10. After the finalisation of the Budget with the inclusion of provision therein for new expenditure, it is presented, under Article 202 of the Constitution, to both Houses of the state Legislative Assembly on the recommendation of the Governor. After the grants have been voted by the Legislative Assembly, a bill to provide for the appropriation out of the Consolidated Fund of the State of all moneys required to meet the voted as well as the charged expenditure is introduce in the Legislative Assembly. When the Appropriation Bill is passed by both Houses of the Legislature and it has also received the assent of the Governor, the amounts shown therein can be expended during the financial year concerned.

11. Other Estimates. - Occasions may arise for approaching the Legislature with proposals for Votes on Account, Votes of Credit and Exceptional Grants, besides supplementary estimates. These are dealt with in Chapters II and XIV.
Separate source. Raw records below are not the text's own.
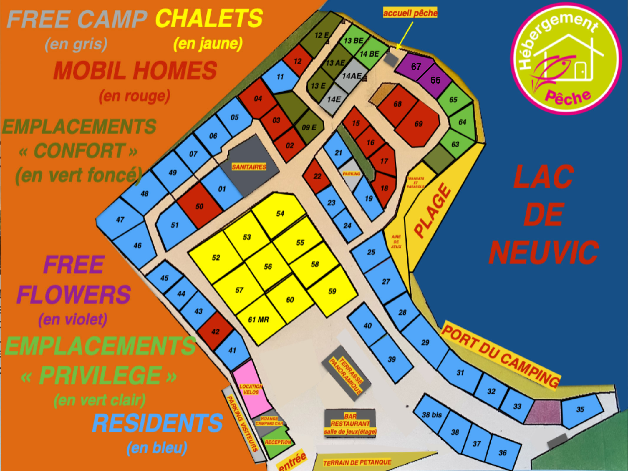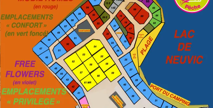 De kampeerplaatsen op Camping Le Port de Neuvic liggen verspreid over een licht glooiend terrein, deels beplant met bomen die voor natuurlijke schaduw zorgen. Veel plekken bevinden zich direct aan het water, wat zorgt voor een bijzonder uitzicht en een unieke kampeerervaring. Zeker voor wie hier komt vissen aan het meer zijn deze plekken erg geliefd. Voor wie liever wat meer comfort heeft zijn er premium plekken met privé sanitair. Ook zijn er een aantal huuraccommodaties beschikbaar. Ga je voor een bungalowtent of liever een chalet? Welke je ook kiest ze zijn volledig uitgerust en beschikken over een eigen terras waardoor je optimaal kunt genieten van het buitenleven.
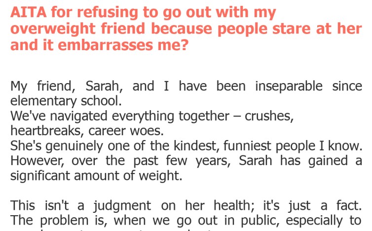 However, the impact of these feelings on Sarah, the friend, cannot be overstated. Being told that your appearance makes a friend unwilling to accompany you in public is incredibly hurtful and invalidating. It suggests that her worth or the value of her friendship is diminished by how others perceive her body, which is a cruel message to send, even if unintended. This experience can chip away at her self-esteem and trust.
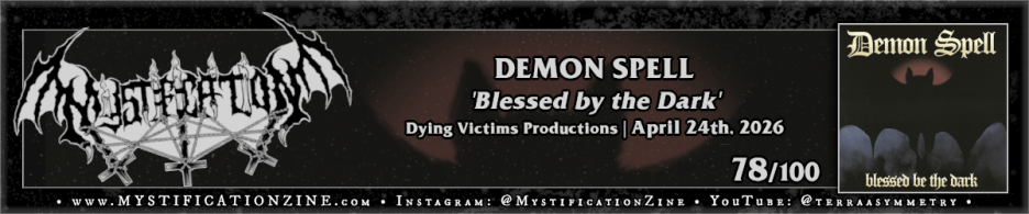 Sicilian quartet DEMON SPELL should recall the early days of Mercyful Fate most clearly as this debut full-length album opens via “As Lucifer Smiles” but they additionally touch upon later NWOBHM inspired bops and early speed metal (“Curse of the Undead”) within said context. Vocalist Federico Fano doesn’t necessarily have King Diamond‘s pipes or cadence but the effect is close enough as layered arrangements and a fair amount of reverb give certain songs a Satan-esque wail I’d enjoyed. If you are looking for a more direct likeness to the infamous Danes on ‘Blessed be the Dark‘ I’d point to “The Tolling” coming closer than most but this type of song trades off with pieces (“Dive the Hellfire”) which any Metal Massacre-era collector or general US power metal fan would enjoy just as well. Though I’d wanted to cover this one in more depth there was very little to say beyond “Great 80’s heavy metal inspired fare.“
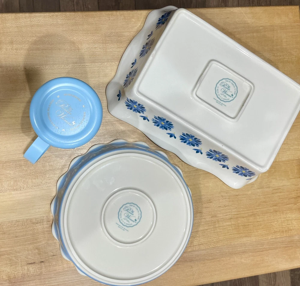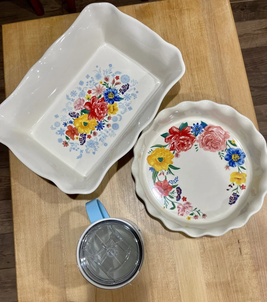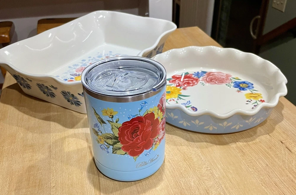 The product is a set of three items from The Pioneer Woman brand. The set includes two metal baking dishes and a tumbler. The baking dishes are suitable for baking and the tumbler is suitable for storing and serving drinks.
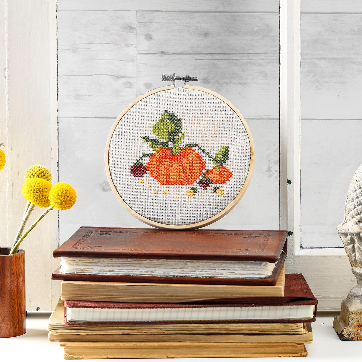 Slow stitching on a cozy afternoon more your crafting style? You’ll want to print out this adorable pumpkin cross stitch pattern then! With just a few skeins of floss, you’ll have an adorable print suitable for framing or displaying right in the embroidery hoop. This fall decorating DIY has us craving all kinds of pumpkin bread.
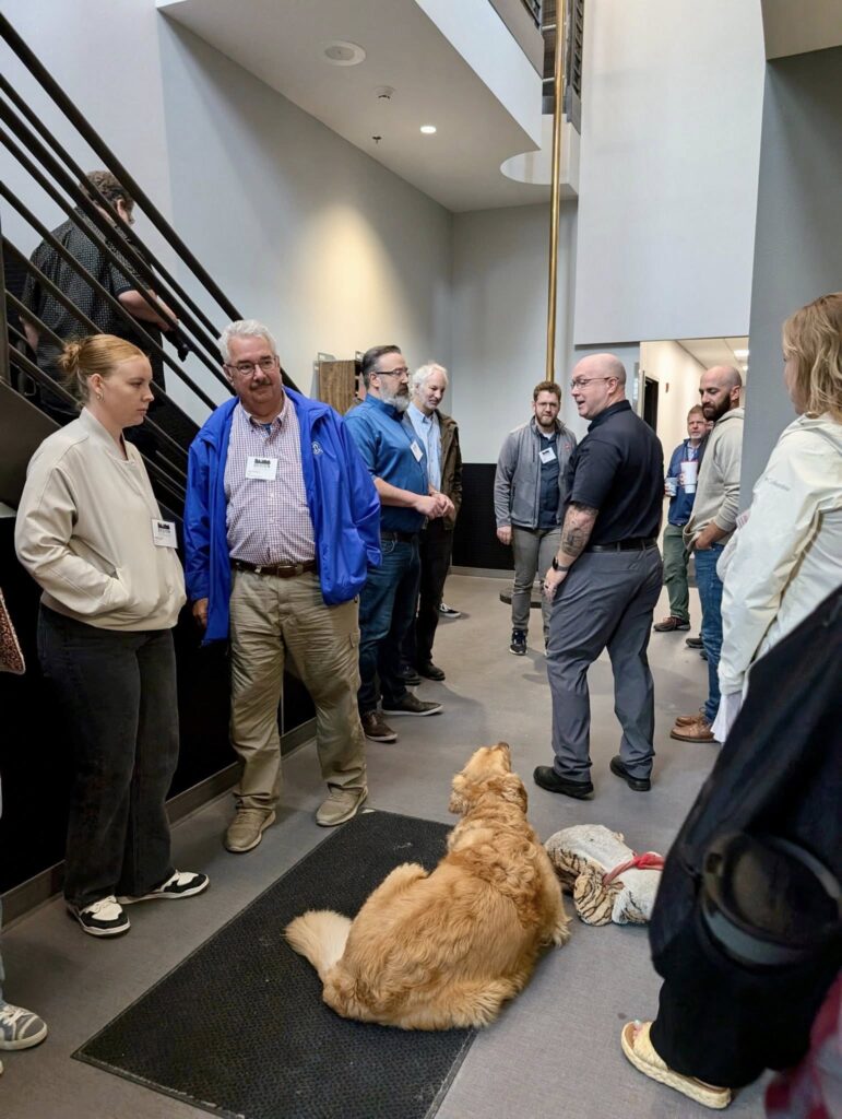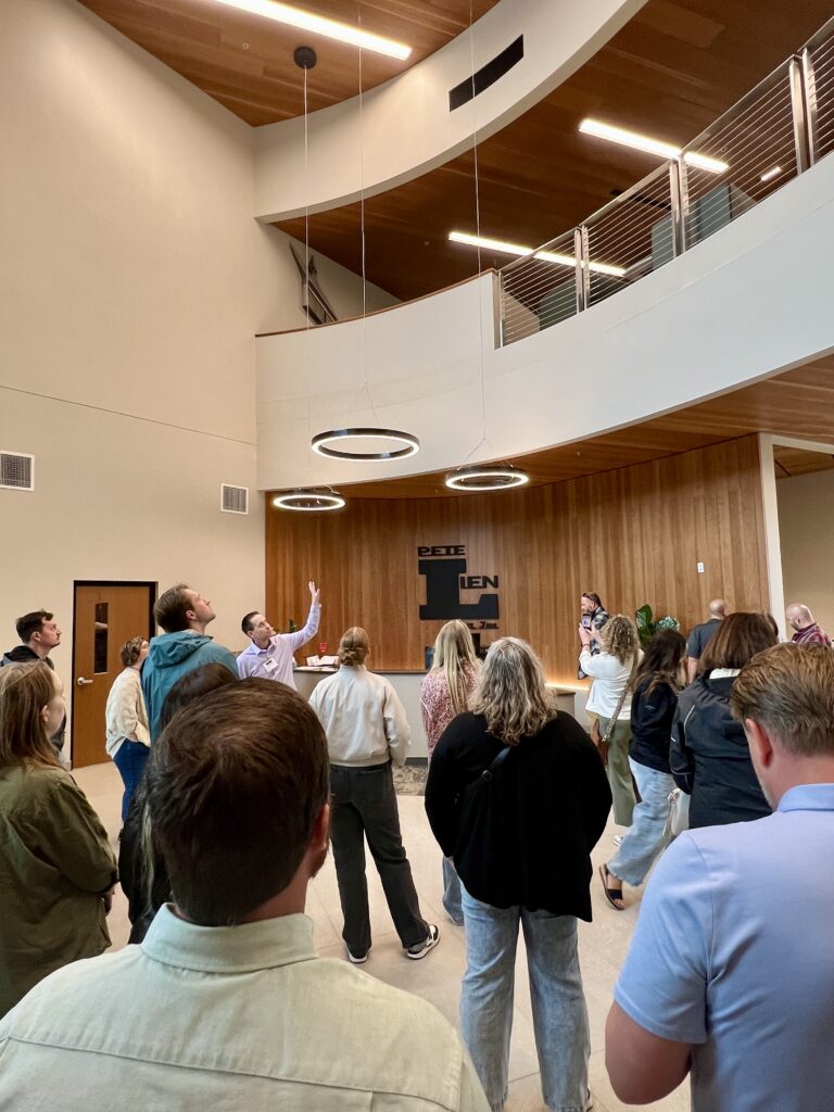 Pete Lien & Sons, Inc.’s all-new 42,156-square-foot headquarters stands on the site of its former office and overlooks one of the company’s original rock quarries. Architect-of-record Jared Pummel, AIA, president of Uda Architecture + Design, took fellow members through and around the building. Paved walkways already encircle the new structure, and employee use has inspired the company to plan additional trails. While on site, Design in the Hills tourists enjoyed a lunch provided by Pete Lien and Sons, Inc.

12. Authorisation of expenditure. - Except where the expenditure is covered by standing sanctions or necessary powers have been delegated to the administrative departments and subordinate authorities in this behalf with the concurrence of Finance Department, provision of funds in the budget by itself conveys no sanction to the subordinate authorities to incur expenditure. The following conditions must be satisfied before the public money is spent:

i) The expenditure should be sanctioned by the authority competent to sanction such expenditure (in the case of works expenditure incurred by the Engineering Departments this sanction means both administrative approval as well as technical sanction),

(ii) Sufficient funds should have been provided for the expenditure in the Appropriation Act or by re-appropriation by the authority competent to sanction re-appropriation (See Chapter XIV) and

(iii) No breach of the standards of financial propriety, which are mentioned below, is involved:

I - The expenditure should not be prima facie more than the occasion demands. Every Government servant should exercise the same vigilance and care in respect of expenditure from public moneys under his control as a person of ordinary prudence would exercise in respect of expenditure of his own money.
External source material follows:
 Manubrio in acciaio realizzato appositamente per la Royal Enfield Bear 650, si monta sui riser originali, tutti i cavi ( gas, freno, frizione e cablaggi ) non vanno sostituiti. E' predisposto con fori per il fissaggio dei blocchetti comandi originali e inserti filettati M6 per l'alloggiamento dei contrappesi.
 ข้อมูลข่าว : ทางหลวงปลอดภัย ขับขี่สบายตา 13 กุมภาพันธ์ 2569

II - Public money should not be utilised for the benefit of a particular person or section of the community unless -

(a) the amount of expenditure involved is insignificant, or

(b) a claim for the amount can be enforced in a court of law, or

(c) the expenditure is in pursuance of a recognised policy or custom.

III - No authority should exercise its power of sanctioning expenditure to pass an order directly or indirectly to its own advantage.

IV - The amount of allowances, such as travelling allowances, granted to meet expenditure of a particular type, should be so regulated that the allowances are not on the whole sources of profit to the recipients.

13. Committee on Estimates. - There is a Committee on Estimates constituted by the Legislative Assembly to examine such of the estimates as may seem fit to the Committee or are specifically referred to it by the House. (For rules relating to constitution and the functions of this Committee see Chapter XVII).

14. Committee on Public Accounts. - The Appropriation Act has the effect of determining the objects on which money may be spent from the Consolidated Fund of the State and the amount which can be spent on each object. The amount of expenditure which can be incurred is thus strictly controlled by the Legislature, as expressed by the demands votes by the Legislative Assembly, are actually compiled with is investigated and brought to the notice of the Legislative Assembly by the Committee on Public Accounts. (For the constitution and functions of this Committee see Chapter XVI).